93 degrees temperature out and gauges say 30/190. According to Ford spec chart for ac, the low side is low and the high side is within range.

Thoughts about these numbers? A/C is cycling at 46 degrees and kicks back in at 56 degrees, then starts all over.


----------



## 47_47 (Sep 11, 2007)

Both pressures seem low, probably low on charge. Open all car windows, set a fan aiming at the condenser, max AC, blower on high. Increase and hold engine speed to about 2,000 RPM's. Let gauges stabilize and what are they?

There is a Ford tech on here, if he answers, listen to him.


----------



## cjm94 (Sep 25, 2011)

My guess would be a little low too. At that ambient temp high side should be in the low to mid 200's. Low side is usually low 40's. If it is cycling fast it is a good sign of low charge. It should have dye in from the factory if it is a newer car to help find leaks.


----------



## digitalplumber (Jul 8, 2011)

cjm94 said:


> My guess would be a little low too.

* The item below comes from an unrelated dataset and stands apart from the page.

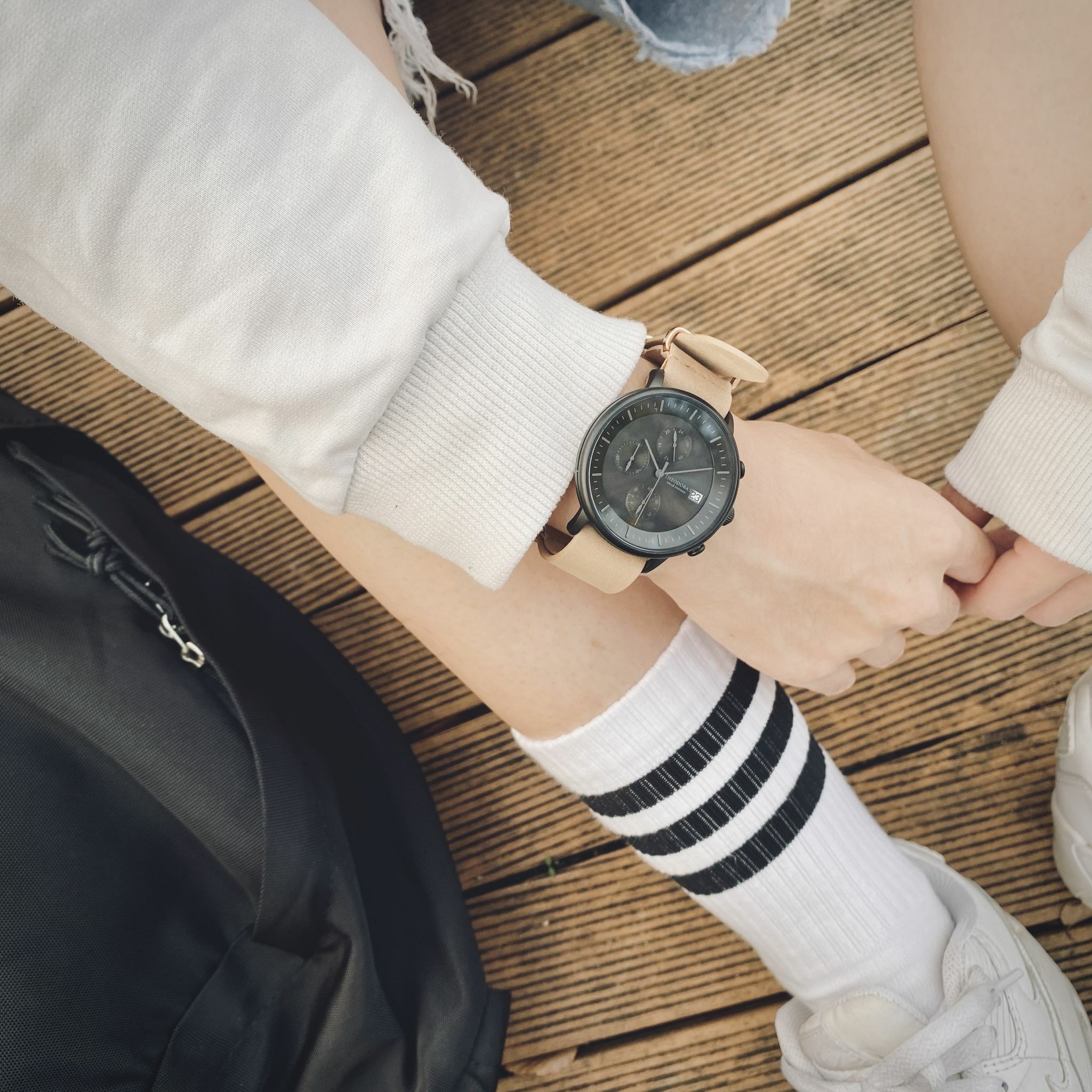 霧面黑色與奶茶色瘋馬皮錶帶形成了對比,深色錶盤與淺色錶帶搭配讓整體更有層次,更能凸顯不凡品味,三眼也更具功能性。(購買連結)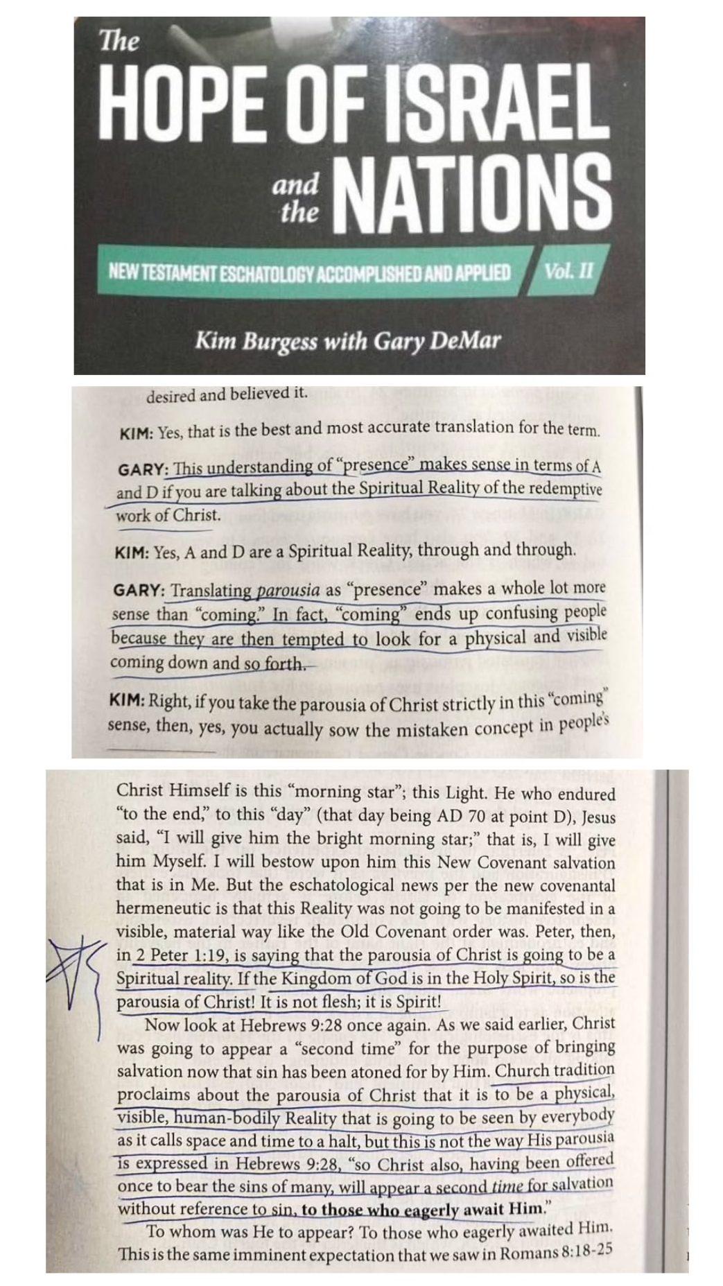 Gary will deny he teaches this, but he pushing the same thing they teach about an alleged (and non-existent) end of the Old Covenant Age” in the first century with a “presence” or “parousia” (coming, arrival) of Christ in Spirit form.

At that ambient temp high side should be in the low to mid 200's. Low side is usually low 40's. If it is cycling fast it is a good sign of low charge. It should have dye in from the factory if it is a newer car to help find leaks.


New truck, 2013 bought last November. Its not a rapid on off cycle like you get with a system that is known low, but cycles regularly (constantly) off at the low end at 44-46 degrees and back on when it hits 56 degrees.

Its under warranty so I guess I need to take in?


----------



## cjm94 (Sep 25, 2011)

Could be temp blend door actuator sticking. I have seen quite a few fail causing warm air when asking for cold. Not uncommon to cycle like that.


----------